Я дьявол, и нет ни малейшей надежды.

Песня затихла, усмирив мое бешено колотящееся сердце. Следуя инстинкту, я открыла огромные двери и попала в рай. Оранжерея размером с четыре спальни приветствовала куполообразными окнами и высокими пальмами. Звуки булькающего ручейка и водопада лились из-за роскошной листвы. Сквозь бесконечную стеклянную крышу мерцали звезды, сегодня не было луны.

Я приподняла голову, прислушиваясь. Что это?

Птичий щебет, чириканье и посвистывания. Я пробиралась сквозь листья, пока не столкнулась с двухъярусным птичьим вольером.

Птички порхали и пели, счастливые в своей клетке. Большинство из них спали, засунув голову под крыло, пока их маленькие грудки трепетали.

Я подошла поближе. Вместо больших и волнистых попугайчиков, которых я ожидала увидеть, вольер заполняли стаи воробьев, перепелки, корольки и черные дрозды. Распространенные обычные крылатые существа, но в то же время замысловатые и прекрасные.

Мне нужно было узнать, что означают эти птицы.

Мой разум тут же вспомнил ту фреску и татуировку Кью. Самую ошеломительную татуировку, которую я когда-либо видела.

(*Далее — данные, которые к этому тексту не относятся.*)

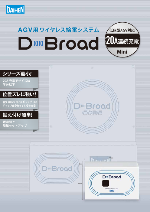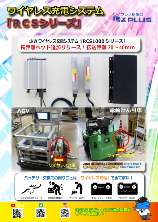 全機種のAGVに据え付け可能な高効率ワイヤレス充電システム◆シリーズ最小! 20A充電サイズは半分以下◆位置ズレに強い! 最大40mmコイルギャップOK! ギャップが...
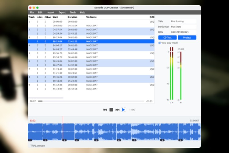 - 它可以让你导入其他软件制作的 DDP 文件集,包括 Sonic Studio HD, Sadie, Sequoia 和 Pyramix 等。这个功能可以让你检查导入项目的所有细节,包括 PQ 码、ISRC、MCN 和 CD-Text 数据。你还可以编辑项目、播放曲目并导出到 DDP、Cue Sheet 或刻录一个符合 Redbook 标准的 CD。

Бесчисленные часы ушли на создание этой татуировки, в отличие от моей, которая заняла десять минут. Потерев свой штрихкод, я задалась вопросом, можно ли будет ее переделать. Я не хотела, чтобы она напоминала о случившемся... это прошлое, и не шло ни в какое сравнение с подчинением Кью.

Волна вины нахлынула, когда я погладила большим пальцем черные линии. Я не могла думать о других женщинах, ― куда они попали, кому теперь принадлежат, ― это было слишком больно.

Маленький воробей взлетел и приземлился на жердочку недалеко от меня. Его черные, умные глазки оценивали меня, голова немного приподнялась.

О чем ты думаешь, маленькая птичка? Знаешь ли своего хозяина? Можешь ли рассказать, кто он такой на самом деле?

Он качнулся на жерди и улетел прочь.

Колонки потрескивали, поскольку новая песня начала литься сквозь них. Глубокий, эротичный ритм вибрировал в воздухе. Басы были таким тяжелыми, что даже листья дрожали от звука.

Мое тело страдало, нуждаясь в освобождение. Мой слух принадлежал Кью. Знал ли он, что песня подорвет мое сопротивление, усилит потребность в нем, желание?

Я отказывалась доводить себя до оргазма, но, если Кью не посетит меня в скором времени, я выслежу его задницу и заставлю нарушить глупое обещание. Я выиграю борьбу, не назвав своего имени.

Наблюдая за птицами, я опустила пальцы туда, где Кью порезал меня ножницами. Порез давно исчез, но я хотела еще один. Я хотела грубости и дикости. Я хотела ран и порезов, которые усиливали удовольствие.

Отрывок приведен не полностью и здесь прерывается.